A scientific hypothesis

Mind-brain identity does not derive from logical or semantic reasons. Instead of following a priori from an analysis of the content of mental concepts, it is established a posteriori on the basis of empirical research. It is up to the sciences, especially neuroscience and psychology, to discover what types of physical states are the mental states and to establish the psychophysical laws that justify the reduction of the first to the second.

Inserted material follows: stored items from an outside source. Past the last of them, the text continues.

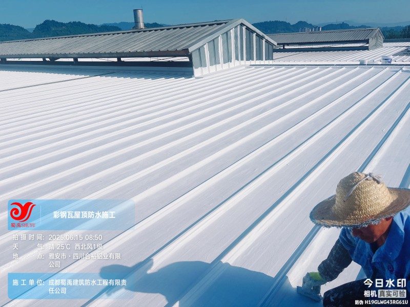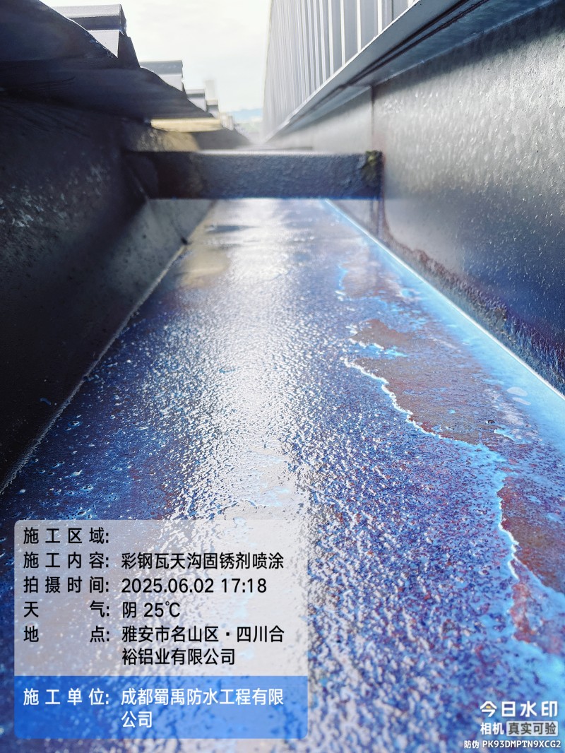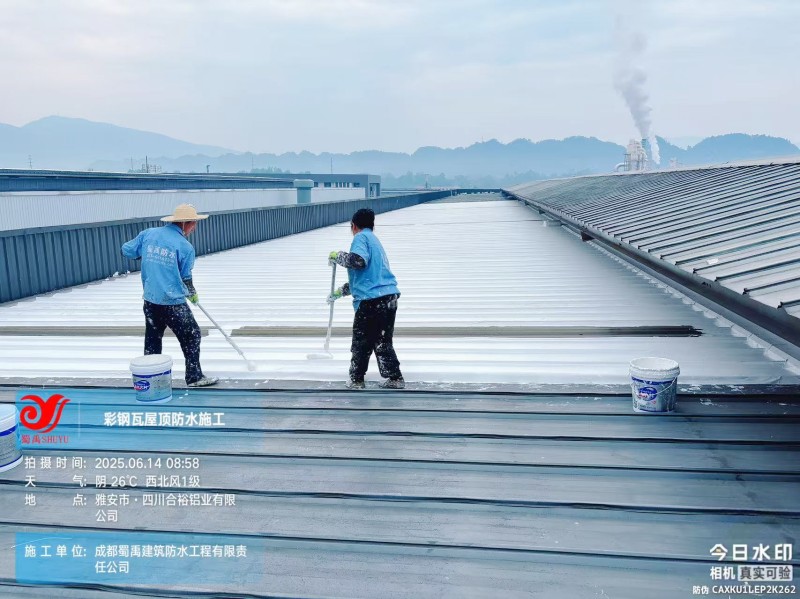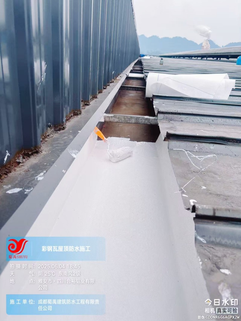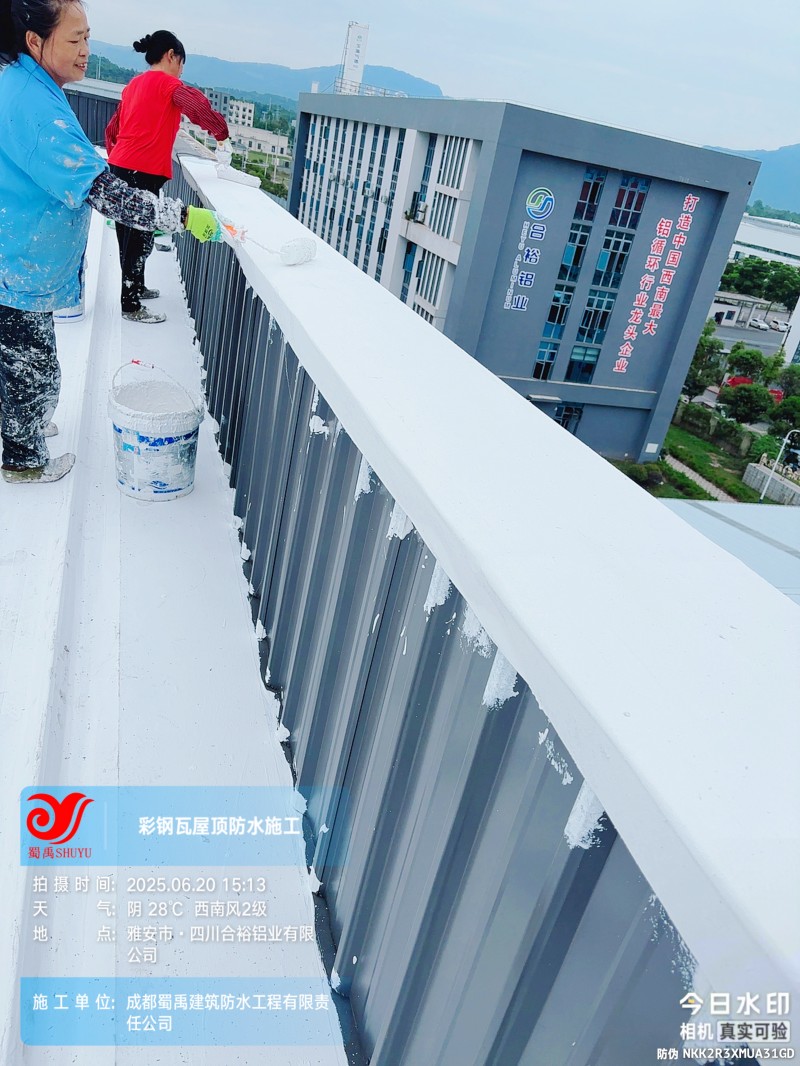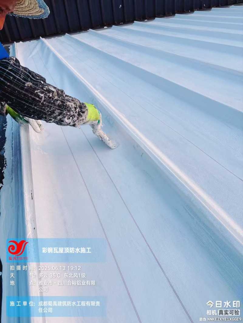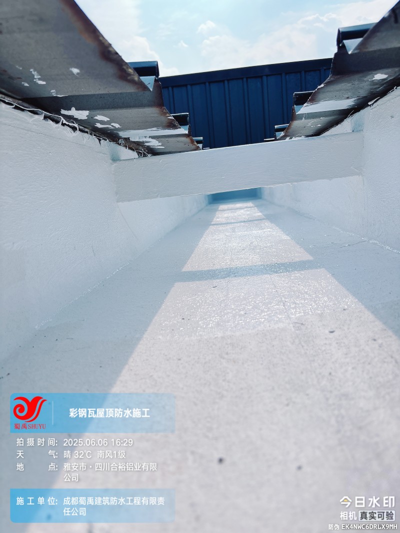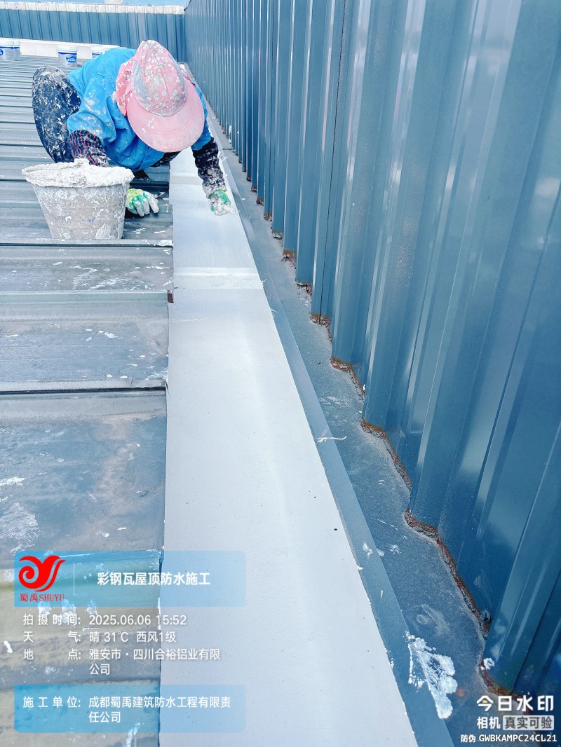 此次四川合裕鋁業 2 號鋼結構廠房屋頂防水補漏防腐翻新工程,蜀禹防水團隊嚴格按照施工方案與技術標準開展作業,從基面處理到涂層涂刷,每一個環節都做到精細化把控。通過采用 SYR 金屬屋面無縫防水系統,結合科學的施工流程,成功解決了廠房屋面的漏水問題,同時為彩鋼瓦屋面提供了長期的防腐保護。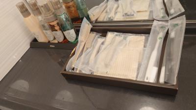アメニティは最低限。シャンプーとリンスはついてないと事前に案内されてましたが持ち帰り用の携帯用ボトル2本が置いてありました。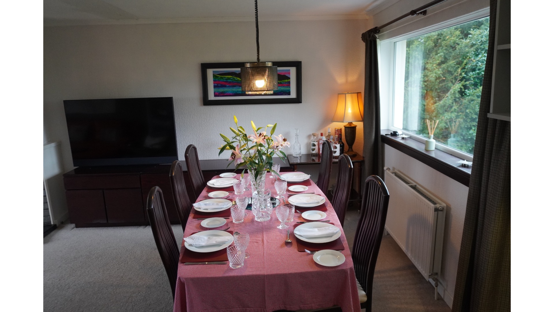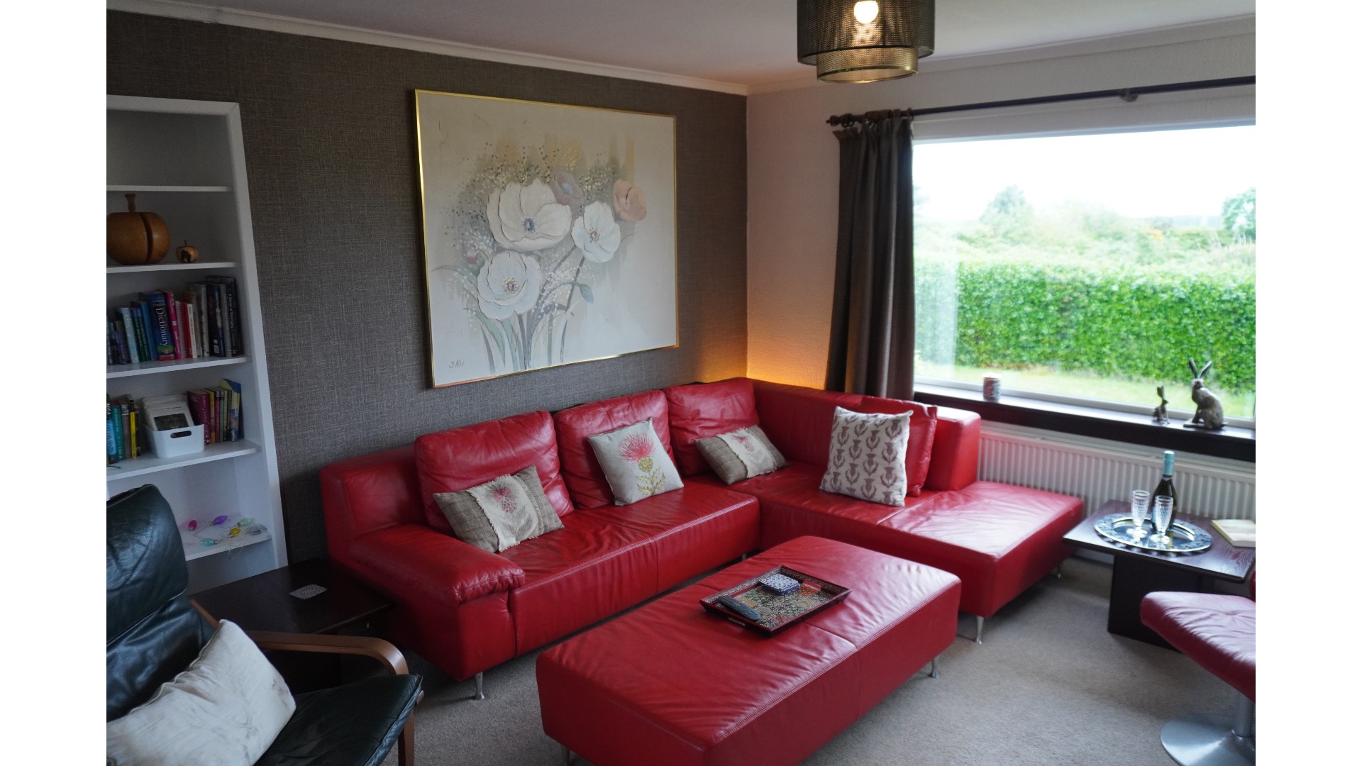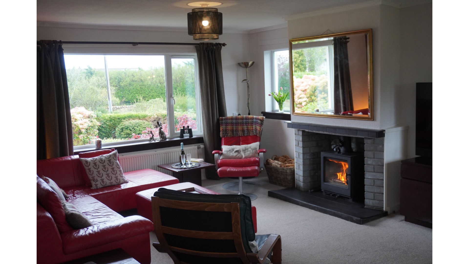 Views over Lamlash Bay to the front and Ross hills to the rear. - Comfortable lounge with Sky Glass tv and wood burning fire opens to dining room with 6 person dining table.
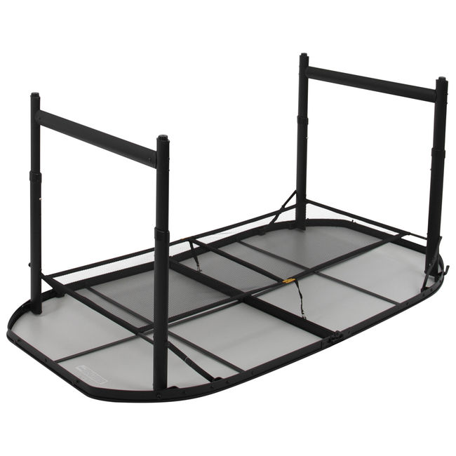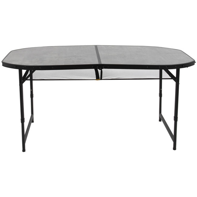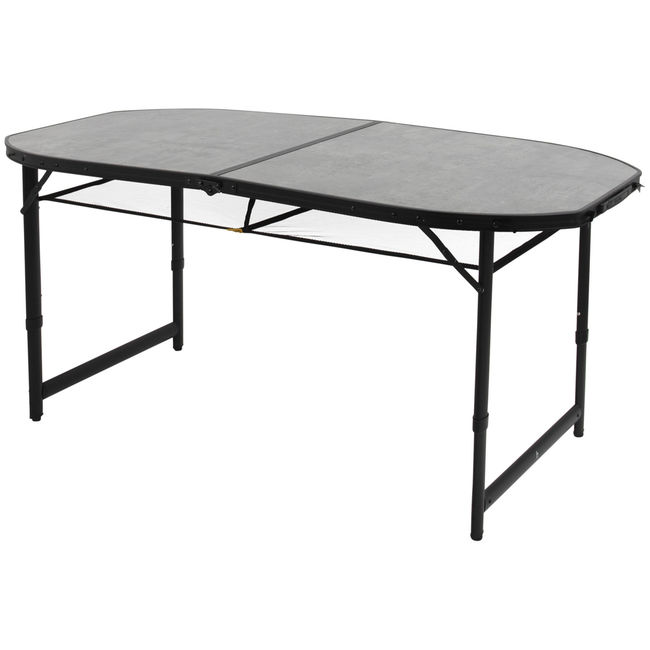 Більша версія столу Bo-Camp Northgate Oval 150x80 cm Black/Grey, відрізняється від молодшої моделі більшими розмірами стільниці і телескопічними нерозбірними ніжками, що регулюються в трьох рівнях висоти 55/65/70 см.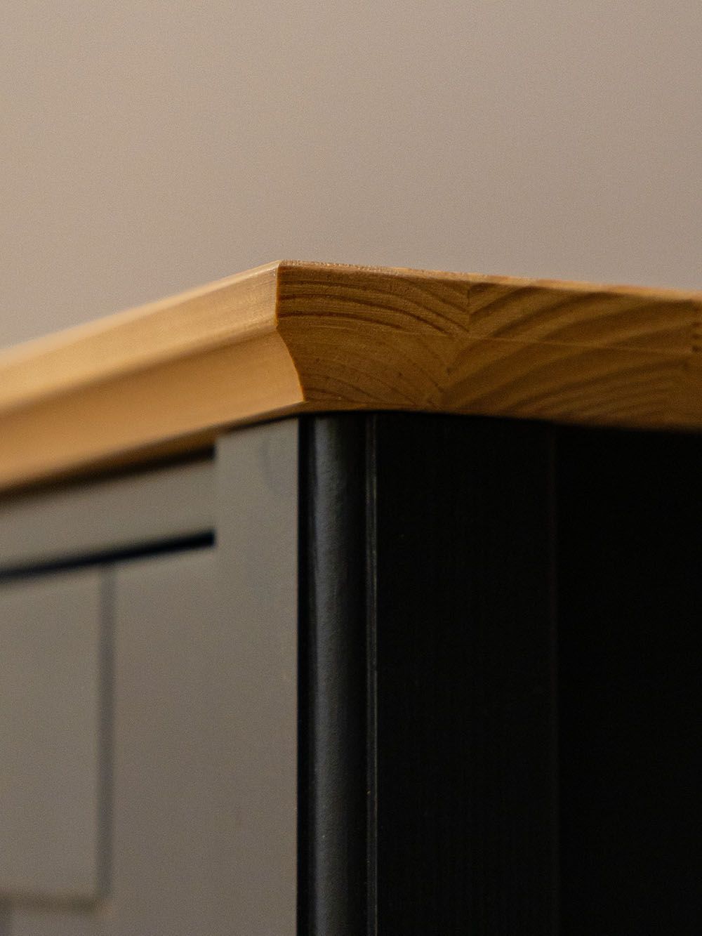 Фурнитура: Петли с доводчиком вкладные. Направляющие шариковые частичного выдвижения, без доводчиков. Ручка кнопка (состаренное серебро)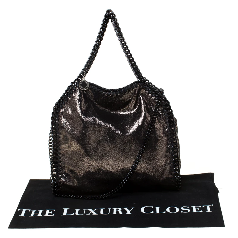 Stella McCartney Metallic Black Faux Leather Falabella Crossbody Bag For Women
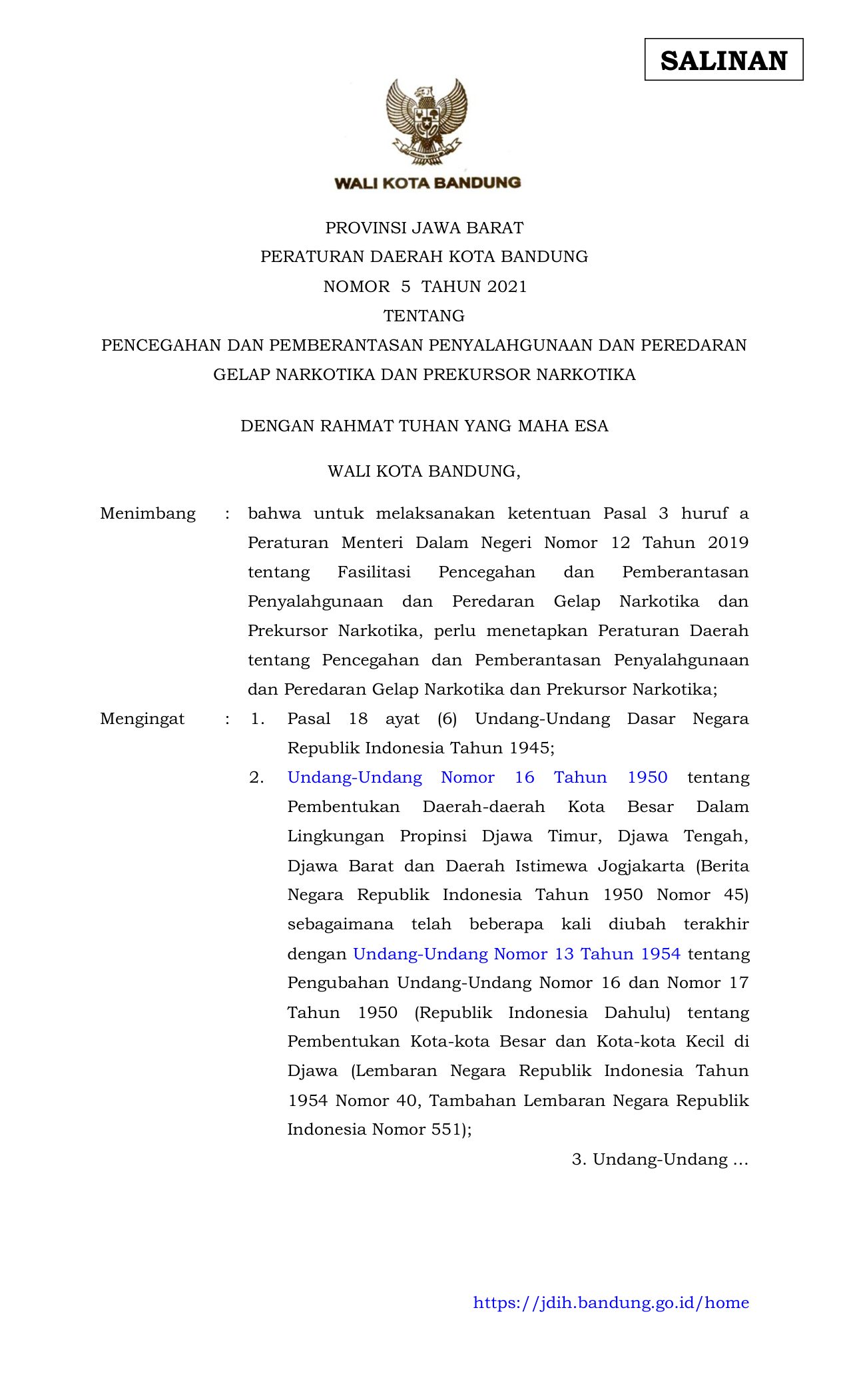 PERDA Nomor 5 Tahun 2021 | Peraturan Daerah Nomor 5 Tahun 2021 tentang Pencegahan Dan Pemberantasan Penyalahgunaan Dan Peredaran Gelap Narkotika Dan Prekursor Narkotika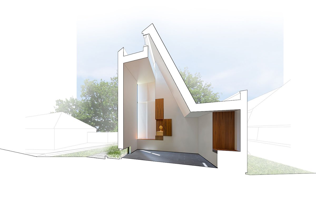 [Text as submitted by architect] Designed as an intimate sanctuary for quiet, individual prayer, the new adoration chapel on the St. Pius campus is a subtle sculptural addition to the landscape. In meetings prior to the start of design, congregants were clear that the new chapel should complement the formal character of the adjacent 1960s church and its striking, monumentally-scaled copper roof, which rises in orchestrated planes from ground level to more than 75 feet above the church floor. The new chapel is a delicately-placed, quiet counterpoint to the adjacent church, contrasting in scale but similar in form and material. The tall, angled shape of the chapel ties the building to its neighbor and creates a soaring space for worshippers within—a cathedral for one. The sculpted form is carefully carved on two sides and at the roof, allowing light to leak in from above the ceiling, along the floor, and adjacent to the sacred tabernacle.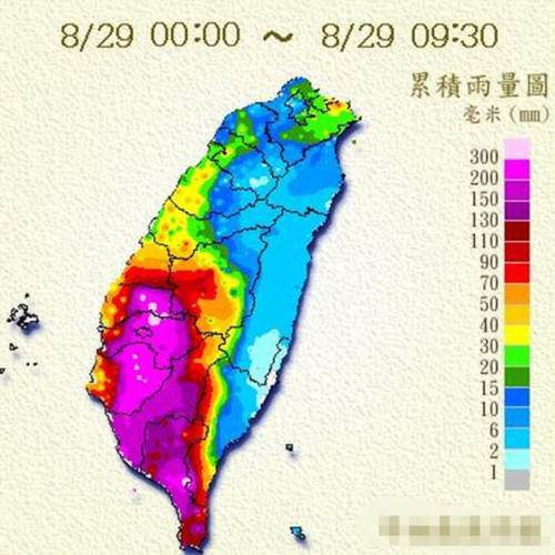 從今天凌晨到9點為止,臺灣多縣市范圍內許多地方的累積降雨都已超過300毫米。(圖片來自臺媒)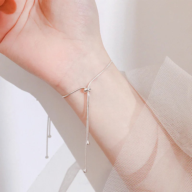 Elegant 925 sterling silver charm bracelet with a beautiful bow knot design. Adjustable for a perfect fit, this bracelet is a perfect accessory for women.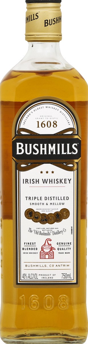 Triple distilled. Smooth & mellow. Award wining flavor and quality. Finest blended Irish whiskey. Genuine quality. Ireland's oldest whiskey distillery. Original 1608. Aged for a minimum of 3 years. Pl…
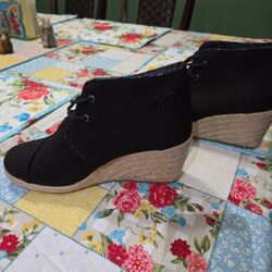 TOMS Wedge Closed Toe Black Canvas Booties Size Women's 7.5 W 7 1/2$25Alton, TX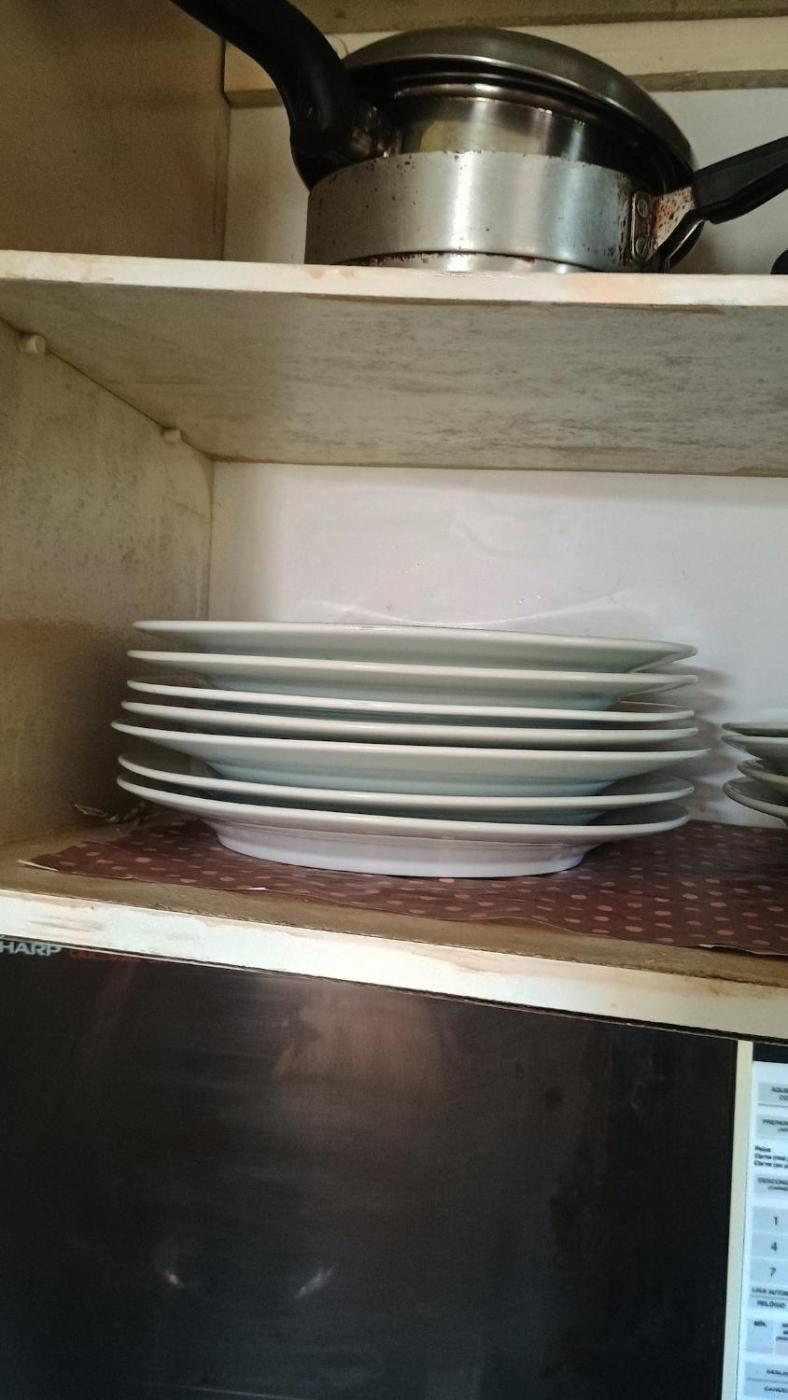 Todos os pratos, talheres, copos e outros artigos de mesa foram higienizados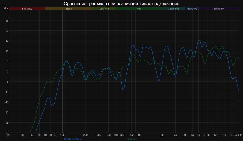 При подключении посредством Bluetooth в звучании появляются неприятные акценты на середине, при этом ее детальность основательно падает — изменения хорошо заметны на втором графике. Но здесь важно отметить, что получен он был при использовании кодека SBC — для измерений применялся ПК под управлением Windows, которая почему-то предпочла именно его. Добавить акцент на НЧ-диапазоне можно с помощью активации функции Mega Bass — «добавка» получается вполне очевидной, но при этом не чрезмерной.

The mind-brain theory can be compared to the theory of the electromagnetic nature of light. Before the theories of electricity developed, light appeared as a mysterious phenomenon. Once the electricity was discovered, the light could be identified with electromagnetic radiation. In this case, it is not a question of asserting that light is caused by such radiation (it would remain enigmatic in itself), but that it is nothing else than this electromagnetic radiation. In the same vein, the goal is not to say that mental states are caused by neurophysiological processes, but that they are nothing more than neurophysiological processes of a certain type. For advocates of this form of physicalism, it is theoretically possible to reduce psychology to physical descriptions of what is happening in the brain by establishing that type of identity as well as the “bridging laws” that connect the statements of the psychology to those of neurophysiology.